# Lacking air intake??



## SoutherWis (Oct 29, 2012)

Is that possible with the air wide open?
As mentioned here I'm running a newly installed Atlanta Homesteader. Model 2410-GU to be exact.

I'll _*crack*_ the ash pan door when initially starting a fire. The damper is wide open and the air intake door is wide open.
After flue temps (_according to Rutland thermometer_)  reach 350,  I'll close the ash door and leave the air intake open and the damper open at first.
The fire usually smolders down to lazy flames if any at all, and shortly after becomes flameless smoldering after an hour or so.
She's cranking out heat but it's short lived due to those conditions.
If I take a lookey see...there's all my fuel (wood) and it's badly burned and charred but it's still there. If I crack the ash door, she comes to life.
Is it possible my air intake is too small? That seems NOT so logical since they sold these things for years. It's not plugged or blocked in anyway.
Or am I closing things up way to soon.?
Flue temps dump down to 150-200 range, but it's still putting out good heat. FYI I can only say that cause my house is so small I'm sure.

Do you guys really ignore the damper and regulate flow with the intake? It doesnt seem to help me.
Is it possible my intake is too small? I'm doubting it. Pictured below.
Is this shoulder burning blues I'm experiencing?
Maybe the stove is simply TOO tight?


----------



## DexterDay (Oct 29, 2012)

Even when fully closed it gets some air. 

How long has your Wood been Cut/Split/Stacked?? What type of wood?

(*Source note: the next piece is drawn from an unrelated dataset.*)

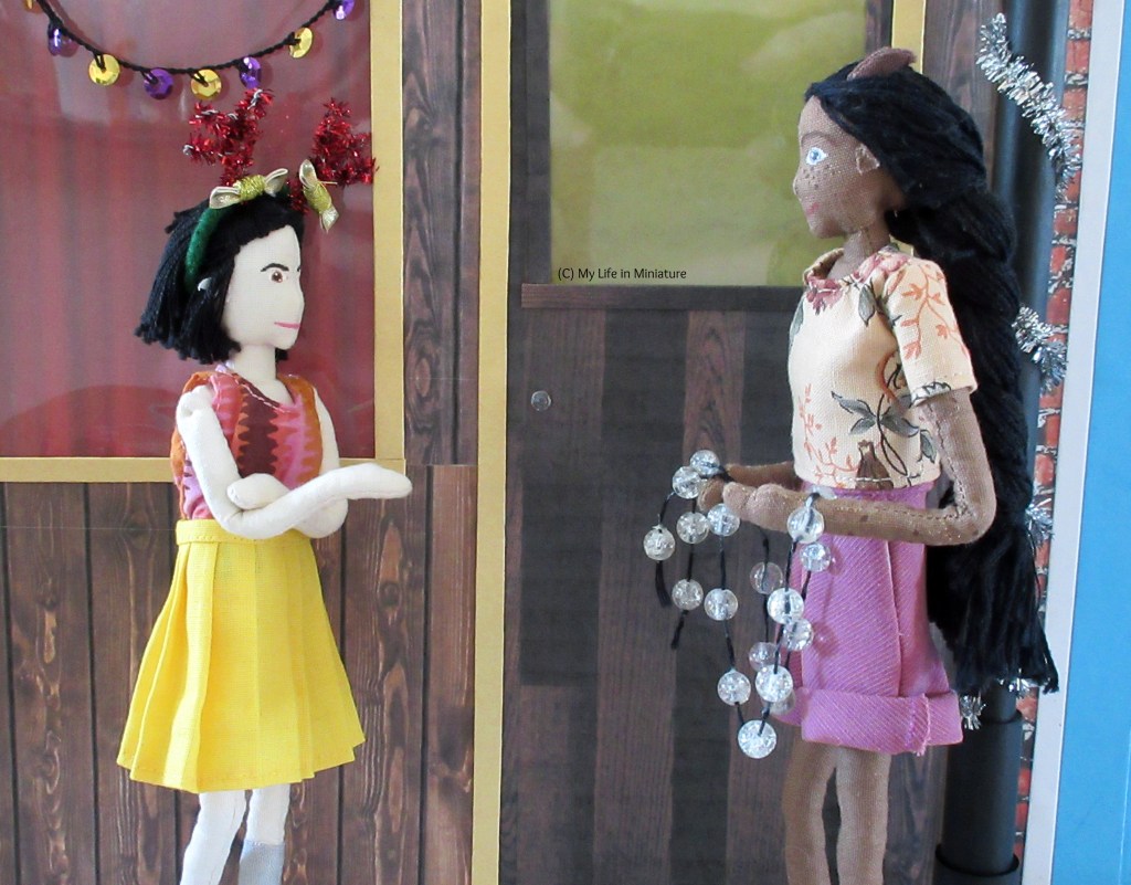 ….Sarah’s helping Tiffany and Petra decorate the stores for the holidays.

Should burn well.with Primary Full Open.


----------



## SoutherWis (Oct 29, 2012)

I'm using kiln dried 2x6 cut offs to get things going. The real fuel is 1 year old split, and stacked, oak, and red elm.


----------



## begreen (Oct 30, 2012)

The wood is not dry I think, but check the flue and flue cap to make sure they are not clogging up.  Definitely don't make a habit of opening the ash door to keep the fire going. When things are setup right you should get plenty of air to keep the fire going via the factory air control.


----------



## SoutherWis (Oct 30, 2012)

I think your right begreen. Got home from work tonight, it's 58 degrees in the house.
I filled the box with some 16" pieces of kiln dried 2x6 , fired it up, and after a short bit of blazing the flue reached 300°
I left the damper open and cut the primary in half. It burned for a good half hour before I cut it to a 1/4.
Still burning over an hour later. 

Question...since I cant find a manual for this old goat maybe someone can tell me. Is it possible or even a good idea to run this thing using the primary only? Or is the damper typically needed / recommended / wanted?
I ask that because I grew up watching Dad turn down the damper and the primary all the time and I'm reading around here that most of you either dont use them or leave them wide open during the burn season. Or is that only for EPA stoves?


----------



## begreen (Oct 30, 2012)

Actually it's the opposite. A flue damper is more common on pre-EPA stoves. How tall is the flue on the stove? If it's short, you probably don't need a damper.

Oak takes at least a couple years to season. Maybe bring some of that wood inside and resplit it to help dry it out faster?


----------



## SoutherWis (Oct 30, 2012)

The flue...on the outside of the house anyway...is a total of 13 feet.
I've got 16" to 20" below that inside, which does include 2 90's, and it's all connected with a 24" through the wall horizontal.

Splitting the oaks down again wont be a problem, but I should mention the ones I was using so far were 6 and 7 inch rounds, and I'm doubting those were even oak. Thats probably part of my problem right there, aint it.


----------



## begreen (Oct 30, 2012)

Yup, unsplit rounds dry out very slowly. Based on the description I would focus on dry wood and not worry about the damper.


----------



## SoutherWis (Oct 31, 2012)

I'm greener then the rounds arn't I? 
Thanks begreen


----------



## begreen (Oct 31, 2012)

No problem, we've all made this mistake at some point unless we were fortunate to have someone mentor us from the beginning.


----------



## Woody Stover (Oct 31, 2012)

SoutherWis said:


> I'm using kiln dried 2x6 cut offs to get things going. The real fuel is 1 year old split, and stacked, oak, and red elm.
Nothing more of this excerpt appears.